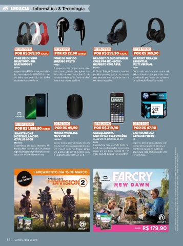 LANÇAMENTO Ofertas válidas de 07/03/2019 a 28/04/2019, ou enquanto durarem os estoques. Imagens meramente ilustrativas. O estoque e os preços de produtos deste informe publicitário estão sujeitos à alteração sem aviso prévio.
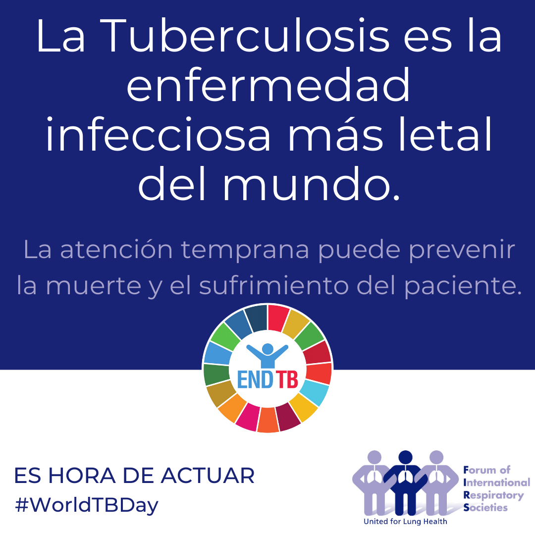 En apoyo al Día Mundial de la Tuberculosis, que se celebra el 24 de marzo, el Foro Internacional de Sociedades Respiratorias (FIRS por sus siglas en inglés), del que la ALAT es miembro fundador, se une a la campaña de la Organización Mundial de la Salud (OMS) para que los gobiernos cumplan con los compromisos contraídos para poner fin a la tuberculosis.
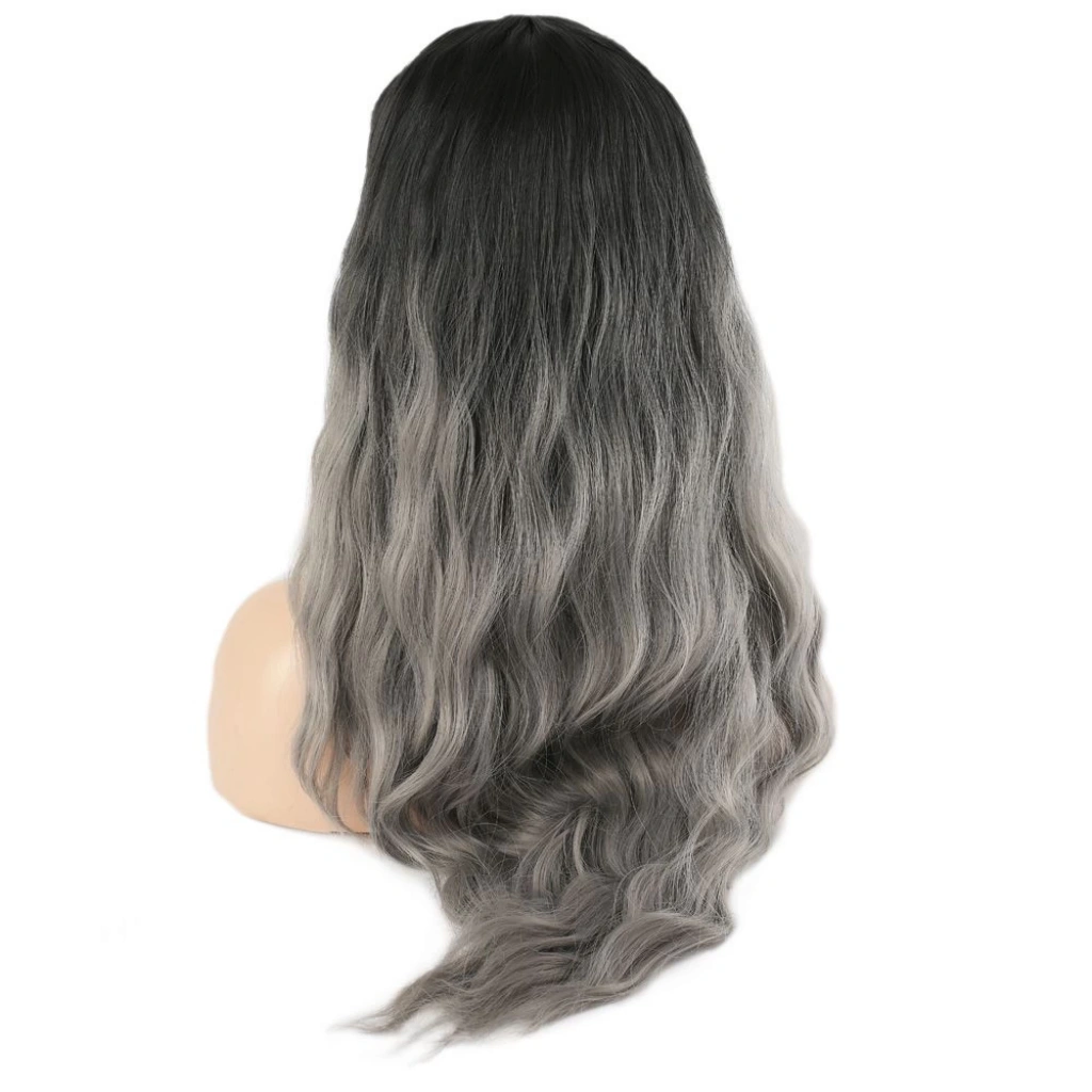 Fiber Sentetik Uzun Su Dalgası Peruk - Siyah Gri Ombreli
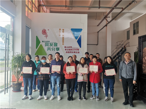 2022年4月18日,佑華制藥(樂山)有限公司培訓中心主任暨總經理王志良,在公司辦公樓大廳為公司2021年度項目制培訓學員代表頒發了結業證書,至此,整個項目制培訓圓滿結束。
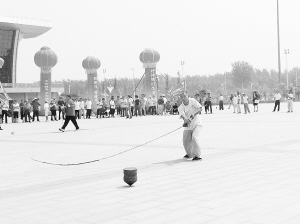 古老的鞭陀运动也在随着时代发展。据了解,现在的鞭陀运动已不再是简单的舞鞭打陀螺,而是和杂技、武术等结合了起来。昨天上午,在周口市鞭陀运动协会成立仪式之后,前来祝贺的郑州、洛阳、漯河、新密等地的鞭陀爱好者与周口爱好者一起大“秀”绝活(如图),赢得喝彩阵阵、掌声一片。
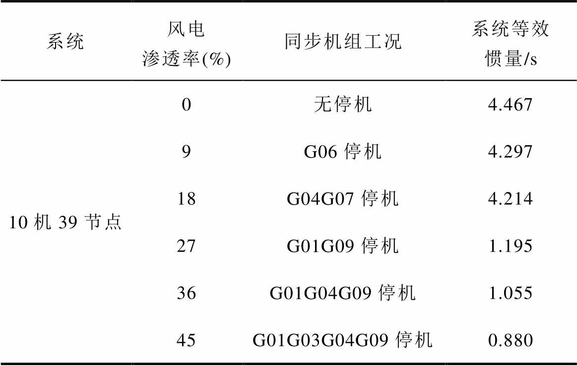 电力系统同步机组惯性常数为3~9 s之间,随着新能源机组规模化发展和常规机组的逐渐退役,系统等效惯量将持续下降。根据式(2),当新能源机组并网容量达到16.7%~72.2%以上时,系统等效惯量将下降到2.5 s以下,此时系统满足本文定义的低惯量电力系统标准。
========
WHAT THE TASK ASKS ▸
Please copy the lines exactly, beginning at the one containing "Fiber Sentetik Uzun" and ending at the last line of the records above, both included, with the pictures left out.

ANSWER TO THE EXERCISE ▸
 Fiber Sentetik Uzun Su Dalgası Peruk - Siyah Gri Ombreli
 2022年4月18日,佑華制藥(樂山)有限公司培訓中心主任暨總經理王志良,在公司辦公樓大廳為公司2021年度項目制培訓學員代表頒發了結業證書,至此,整個項目制培訓圓滿結束。
 古老的鞭陀运动也在随着时代发展。据了解,现在的鞭陀运动已不再是简单的舞鞭打陀螺,而是和杂技、武术等结合了起来。昨天上午,在周口市鞭陀运动协会成立仪式之后,前来祝贺的郑州、洛阳、漯河、新密等地的鞭陀爱好者与周口爱好者一起大“秀”绝活(如图),赢得喝彩阵阵、掌声一片。
 电力系统同步机组惯性常数为3~9 s之间,随着新能源机组规模化发展和常规机组的逐渐退役,系统等效惯量将持续下降。根据式(2),当新能源机组并网容量达到16.7%~72.2%以上时,系统等效惯量将下降到2.5 s以下,此时系统满足本文定义的低惯量电力系统标准。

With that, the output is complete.